Usually just a spot to get a chicken sandwich or waffle fries, Chick-fil-A also became a place to make a political stand in Harford County Wednesday.
Droves of local supporters came to the Abingdon Chick-fil-A, near the Route 24/I-95 interchange, throughout the day, many in support of a nationwide Chick-Fil-A Appreciation Day, organized by Fox News correspondent and former presidential candidate Mike Huckabee.
Several people interviewed outside the Abingdon restaurant in the early evening said they are glad Chick-fil-A's president took a stand against same-sex marriage and were especially upset that the mayors of several big cities threatened to refuse the restaurant from setting up outlets in their towns.
Members of a number of area churches said the controversy inspired them to make their voices heard as Christians.

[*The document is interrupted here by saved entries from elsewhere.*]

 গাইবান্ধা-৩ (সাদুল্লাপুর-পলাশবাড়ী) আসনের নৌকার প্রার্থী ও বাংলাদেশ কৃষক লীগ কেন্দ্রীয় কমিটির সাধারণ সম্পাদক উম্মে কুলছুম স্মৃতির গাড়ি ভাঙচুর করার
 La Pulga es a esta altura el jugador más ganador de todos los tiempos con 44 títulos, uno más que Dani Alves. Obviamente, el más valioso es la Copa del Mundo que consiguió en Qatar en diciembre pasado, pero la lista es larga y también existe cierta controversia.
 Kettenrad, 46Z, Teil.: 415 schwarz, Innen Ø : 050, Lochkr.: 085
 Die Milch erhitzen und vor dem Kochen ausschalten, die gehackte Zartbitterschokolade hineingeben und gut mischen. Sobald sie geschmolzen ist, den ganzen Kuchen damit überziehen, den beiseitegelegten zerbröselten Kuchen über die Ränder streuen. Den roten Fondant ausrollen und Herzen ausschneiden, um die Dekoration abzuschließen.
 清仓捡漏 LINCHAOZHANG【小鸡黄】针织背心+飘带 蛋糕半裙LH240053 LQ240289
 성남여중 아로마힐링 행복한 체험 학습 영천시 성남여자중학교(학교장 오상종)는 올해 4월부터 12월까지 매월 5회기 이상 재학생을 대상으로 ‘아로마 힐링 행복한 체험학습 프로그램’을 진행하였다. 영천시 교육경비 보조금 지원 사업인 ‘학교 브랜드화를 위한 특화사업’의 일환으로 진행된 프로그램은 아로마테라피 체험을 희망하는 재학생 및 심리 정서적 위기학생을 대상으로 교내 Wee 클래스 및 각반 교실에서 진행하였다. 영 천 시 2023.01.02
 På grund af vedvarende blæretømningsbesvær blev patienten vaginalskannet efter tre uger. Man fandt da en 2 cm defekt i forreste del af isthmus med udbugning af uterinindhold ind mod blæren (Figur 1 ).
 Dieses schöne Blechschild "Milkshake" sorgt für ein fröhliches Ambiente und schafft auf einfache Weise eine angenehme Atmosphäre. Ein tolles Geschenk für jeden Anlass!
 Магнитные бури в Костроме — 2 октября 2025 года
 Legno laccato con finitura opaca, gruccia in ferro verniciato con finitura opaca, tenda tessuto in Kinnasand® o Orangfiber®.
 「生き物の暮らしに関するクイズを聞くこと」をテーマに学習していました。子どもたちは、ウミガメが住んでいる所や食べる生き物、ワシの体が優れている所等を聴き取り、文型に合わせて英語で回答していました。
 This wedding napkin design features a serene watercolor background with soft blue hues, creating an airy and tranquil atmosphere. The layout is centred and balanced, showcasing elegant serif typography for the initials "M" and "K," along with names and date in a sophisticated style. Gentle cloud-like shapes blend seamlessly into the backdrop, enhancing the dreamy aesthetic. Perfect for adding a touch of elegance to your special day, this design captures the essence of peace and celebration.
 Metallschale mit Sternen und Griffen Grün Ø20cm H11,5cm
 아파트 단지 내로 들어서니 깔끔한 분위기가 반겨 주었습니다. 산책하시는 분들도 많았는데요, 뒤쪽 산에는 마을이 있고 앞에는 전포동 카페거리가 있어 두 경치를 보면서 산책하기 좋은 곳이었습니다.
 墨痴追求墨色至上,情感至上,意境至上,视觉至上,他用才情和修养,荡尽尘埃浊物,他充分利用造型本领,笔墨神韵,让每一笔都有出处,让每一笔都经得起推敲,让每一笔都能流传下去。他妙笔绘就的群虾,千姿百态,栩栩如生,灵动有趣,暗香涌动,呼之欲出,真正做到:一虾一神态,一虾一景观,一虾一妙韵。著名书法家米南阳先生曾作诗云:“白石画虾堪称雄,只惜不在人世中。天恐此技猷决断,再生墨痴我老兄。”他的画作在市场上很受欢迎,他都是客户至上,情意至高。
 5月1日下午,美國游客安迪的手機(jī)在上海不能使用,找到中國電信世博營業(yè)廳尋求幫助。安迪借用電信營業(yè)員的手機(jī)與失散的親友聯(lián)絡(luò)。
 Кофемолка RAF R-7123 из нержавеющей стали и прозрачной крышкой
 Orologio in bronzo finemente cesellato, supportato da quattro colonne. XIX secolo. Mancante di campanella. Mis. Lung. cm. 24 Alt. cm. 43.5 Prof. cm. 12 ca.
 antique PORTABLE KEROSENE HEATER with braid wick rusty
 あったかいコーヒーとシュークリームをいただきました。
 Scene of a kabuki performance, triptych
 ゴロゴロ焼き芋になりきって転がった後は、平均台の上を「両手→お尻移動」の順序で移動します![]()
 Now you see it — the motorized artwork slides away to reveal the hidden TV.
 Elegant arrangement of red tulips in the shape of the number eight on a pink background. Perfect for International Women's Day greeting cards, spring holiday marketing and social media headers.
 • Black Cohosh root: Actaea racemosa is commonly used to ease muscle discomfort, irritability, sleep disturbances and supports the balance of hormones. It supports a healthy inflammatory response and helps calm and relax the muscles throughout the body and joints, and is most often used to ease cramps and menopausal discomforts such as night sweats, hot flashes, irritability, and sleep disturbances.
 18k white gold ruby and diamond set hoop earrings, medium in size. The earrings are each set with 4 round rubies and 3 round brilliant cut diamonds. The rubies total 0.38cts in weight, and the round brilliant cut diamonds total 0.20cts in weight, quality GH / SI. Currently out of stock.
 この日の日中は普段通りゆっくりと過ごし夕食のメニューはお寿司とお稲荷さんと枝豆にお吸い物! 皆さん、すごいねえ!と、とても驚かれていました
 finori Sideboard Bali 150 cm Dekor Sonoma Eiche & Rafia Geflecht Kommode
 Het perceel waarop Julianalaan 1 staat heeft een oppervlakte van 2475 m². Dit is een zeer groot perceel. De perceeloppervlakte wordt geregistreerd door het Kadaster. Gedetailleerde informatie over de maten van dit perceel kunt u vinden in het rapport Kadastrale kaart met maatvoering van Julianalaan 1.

Aberdeen's Marva Choates and Linda Fagnas said the pastor of Zion Temple Church in Havre de Grace gave out fliers urging congregants to attend the Appreciation Day.
"It's time for Christians to stand up and take a stand for what we believe in," Choates said. "We need to let others know that the Bible is right."
She said she fully supports Chick-fil-A President Dan Cathy.
"He is not ashamed to let others know where he stands," Choates said.
Fagnas added: "They have Christian values and we support that."
Choates and Fagnas were excited to see cars stretching down Constant Friendship Boulevard, where the restaurant is, around dinner time. The two women had to park across the street in Target's lot, as did several dozen other people.
Philip Einhorn, of Bel Air, said the last straw was the attempt to stop Chick-fil-A from opening restaurants in some cities.
"I think it was that [Dan Cathy] can't have free speech, and trying to stop his stores from being built is the most ridiculous thing I have ever heard," he said.
Einhorn and his niece, Alicia Richardson, were holding signs that read "We Love God + Chick-Fil-A" and "We Support Chick-Fil-A + Free Speech."
Einhorn said a number of his fellow members of Trinity Evangelical Lutheran Church in Joppa were also buying food.
One of them, Helen Ryan of Abingdon, said she came because "this is America" and freedom of speech should be supported.
Looking at the line, she said: "Looks like the silent Christians came out."
Several customers told The Aegis around lunchtime that the restaurant was busier than it has ever been. At 6:30 p.m., the Abingdon eatery was still packed with people waiting to be served.
A representative from Chick-fil-A said the owner did not want The Aegis to take pictures or interview customers inside the restaurant.
She also said the owner declined to comment on how the day went but gave out a corporate statement that was publicized earlier.
The statement reads, in part:
"From the day Truett Cathy started the company, he began applying biblically-based principles to managing his business...The Chick-fil-A culture and service tradition in our restaurants is to treat every person with honor, dignity and respect – regardless of their belief, race, creed, sexual orientation or gender... Going forward, our intent is to leave the policy debate over same-sex marriage to the government and political arena."
Across the street, Clifford Lonesome said he had just stopped in for food, not because of the appreciation event; however, he does support the restaurant's values.
"I agree with the owner sticking to what he believes in, and I will support Chick-fil-A no matter what," Lonesome said.
Lonesome, who is from Riverside and is in the Navy, said he regularly frequents the restaurant and has never seen it as busy as it was Wednesday evening.
"It's great that everybody came out," he said, "You can't even get in. It's crazy. I have never seen this before."
On the opposite side of the spectrum, gay rights activists are planning to hold on Friday a "national same-sex kiss day at Chick-fil-A."